The 2013 Annual Homeless Assessment Report (AHAR) to Congress
https://www.hudexchange.info/resources/documents/ahar-2013-part1.pdf

The issue of homelessness is different from the plight of the homeless.  And the plight of the homeless is different from the torment of the families and loved ones of the homeless.  I was unravelling those distinctions during the holiday season, as homelessness seemed to find me through three separate channels.

First, our pastor Father Mike Carroll is spearheading a group addressing the issue of homelessness in our northern California town of Auburn.  Winter’s approach adds the seasonal threat of exposure to the daily threat of starvation, giving Father Mike’s work a sense of urgency and giving me an opportunity to counsel him on matters logistical and to encourage him on matters spiritual.  Our talks have been about numbers and dollars, locations and availability, legislators and legalities.
 
Next, I was introduced on Christmas Day to a mother whose homeless son had, within the past 3 months, been found and reunited with his siblings and mother, only to be lost to a death not surrounded by those of his birth family, but rather by his fellow homeless.

Finally, I attended a memorial service given by desert friends whose homeless grandson had lost his life, and whose family connections over the past several years had been intermittent, ever-diminishing, and increasingly non-communicative.

This season has taught me, as I said earlier, that homelessness has many aspects.  The homeless issue, as I relate to Father Mike’s work, is unique in that it is, while noble, relatively nameless and faceless.  The plight of the homeless is quite different, as I saw when I pieced together the stories of both my friends who laid out the puzzle pieces of their loved ones’ lives.  And finally, there was the torment of the families and loved ones left behind.  I thought about how unsettling their thoughts were right after they had lost someone whose life had been so seemingly beleaguered.  I empathized with them as they envisioned how their loved ones had lived... how far from the comfort we enjoy. 

And it was there that lay the real lesson for me.

I recalled the words of the Serenity Prayer: ”God grant me the Serenity to accept the things I cannot change, the Courage to change the things I can, and the Wisdom to know the difference.”  Death in its irrefutable finality surely fell into the “acceptance” category, didn’t it?  It could not be changed. Yet I was inspired to search between the lines to find consolation for these grieving friends. What about asking God to grant the courage to change, if not the circumstance of the homeless death of a loved one, to change the way we thought about it?  Might that not lessen the torment and ease the burden?

Think of this - the fathers of our faiths lived, as these and so many others for the last chapter of life, without a real home.

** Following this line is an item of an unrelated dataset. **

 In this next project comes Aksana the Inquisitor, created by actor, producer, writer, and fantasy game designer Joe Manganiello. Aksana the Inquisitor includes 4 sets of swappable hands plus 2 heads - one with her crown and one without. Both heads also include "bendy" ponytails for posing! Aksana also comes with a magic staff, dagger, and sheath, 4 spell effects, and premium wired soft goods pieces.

Abraham, Moses, Mohammed, Buddha, and Jesus all lived their lives in a nomadic state. Often lonely and mentally strained, they followed their individual calls. They, like every homeless person, lived "Under the Sky." Could we reshape our thinking around that?

New ways of thinking are not always accepted by those in deep grief.  I am 
fortunate that both my friends were receptive and even welcoming of this reshaped view.  Its connotation brought to mind stories they had each heard from others who lived with their loved ones of community, fellowship, routine, purpose, mutual aid, and true contentment. 

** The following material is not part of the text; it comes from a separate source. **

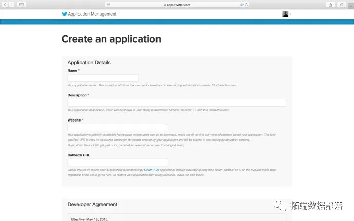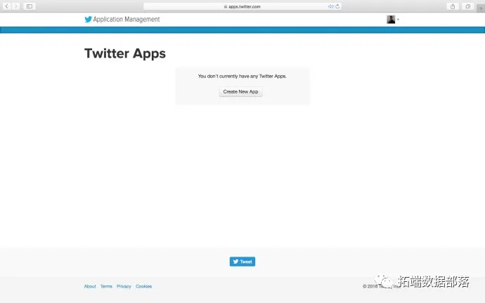 为了能够访问Twitter数据编程,我们需要创建一个与Twitter的API交互的应用程序。

I know there are those of you who have lost loved ones who lived once, or live now, Under the Sky.  If they are still living in that lifestyle, I hope that this message will provide for you a paradigm shift.  If they passed away in that state, celebrate in your heart that they are at peace, and find peace yourself in the paraphrased words of the Serenity Prayer. You cannot change what happened to them, but you can change the way you think about it. I hope that brings peace to your heart. 

One final note of hope, from a story told at a memorial for my friend’s grandson:  their community had a daily ping pong competition, well-attended and fiercely-competed. How?  Someone had found a ping pong ball; two cement picnic tables in the park where they had been given space were just close enough to provide two landing areas, and the space between was the imaginary “net;” and for paddles, they used their hands!  They changed what they could, rather than accepting defeat.  They found lasting enjoyment through a shift in perspective.


May there be a lesson there for each of us.